Exercise objective. Lines before the one containing "And Doodles An" are not wanted; restate the rest below word for word, through the last line, but drop any pictures.

Recorded information.
• • • • • • •

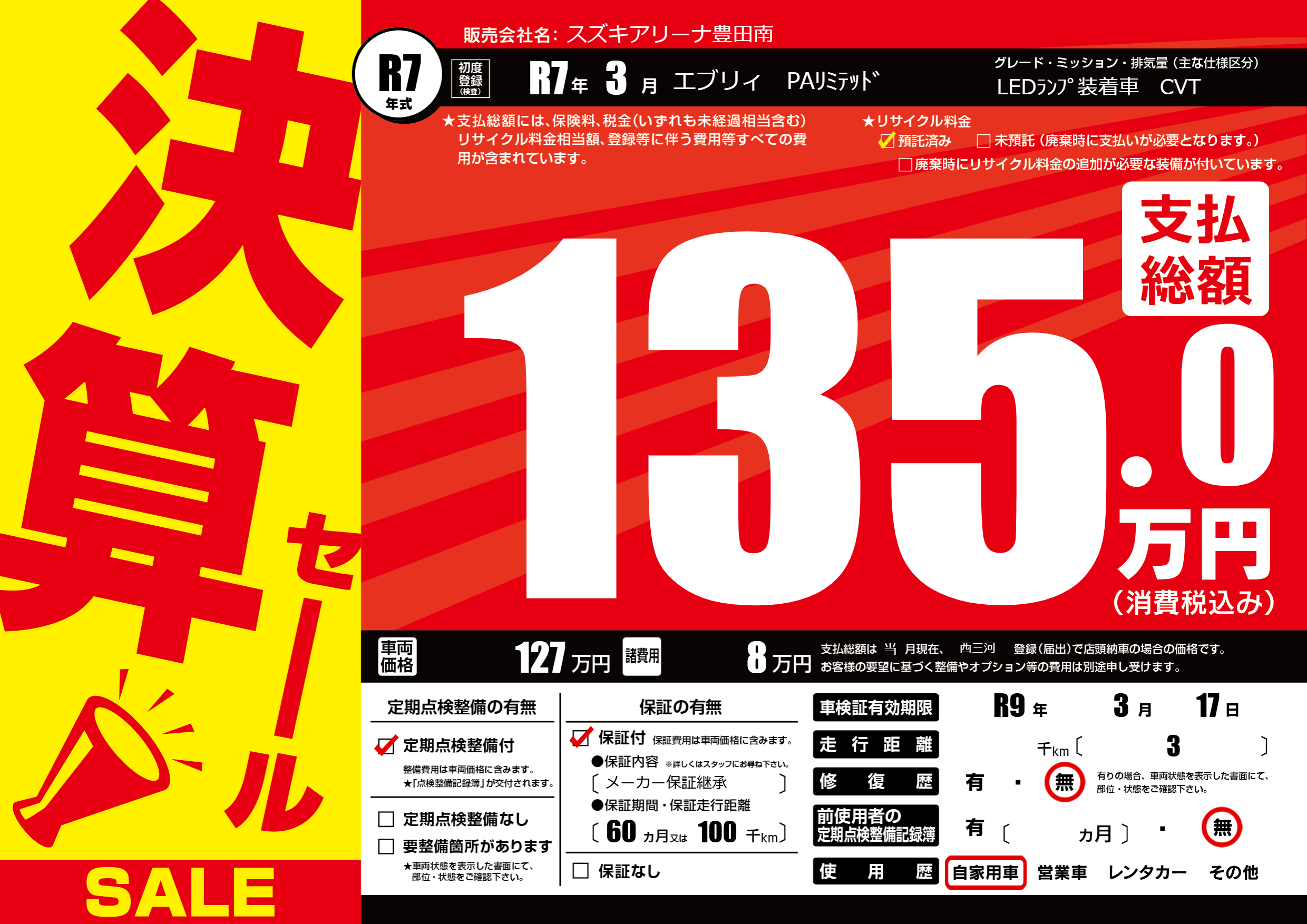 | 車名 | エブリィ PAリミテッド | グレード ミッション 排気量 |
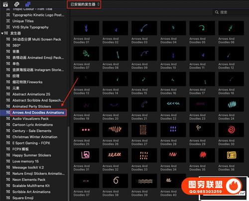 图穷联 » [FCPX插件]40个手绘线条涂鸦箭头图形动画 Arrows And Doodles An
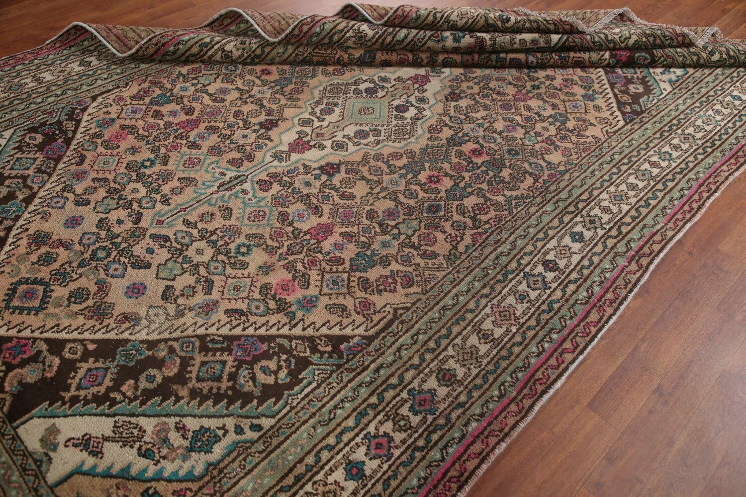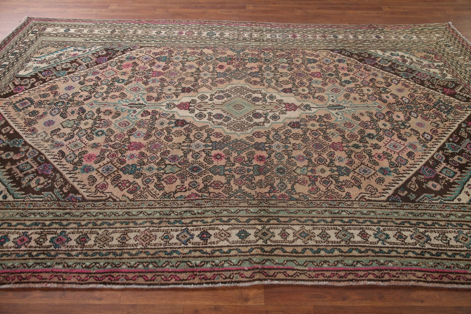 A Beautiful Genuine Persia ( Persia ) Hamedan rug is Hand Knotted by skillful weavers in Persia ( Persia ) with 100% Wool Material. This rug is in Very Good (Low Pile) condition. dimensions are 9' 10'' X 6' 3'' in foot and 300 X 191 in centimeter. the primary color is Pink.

• • • • • • •

Answer to this exercise.
 图穷联 » [FCPX插件]40个手绘线条涂鸦箭头图形动画 Arrows And Doodles An
 A Beautiful Genuine Persia ( Persia ) Hamedan rug is Hand Knotted by skillful weavers in Persia ( Persia ) with 100% Wool Material. This rug is in Very Good (Low Pile) condition. dimensions are 9' 10'' X 6' 3'' in foot and 300 X 191 in centimeter. the primary color is Pink.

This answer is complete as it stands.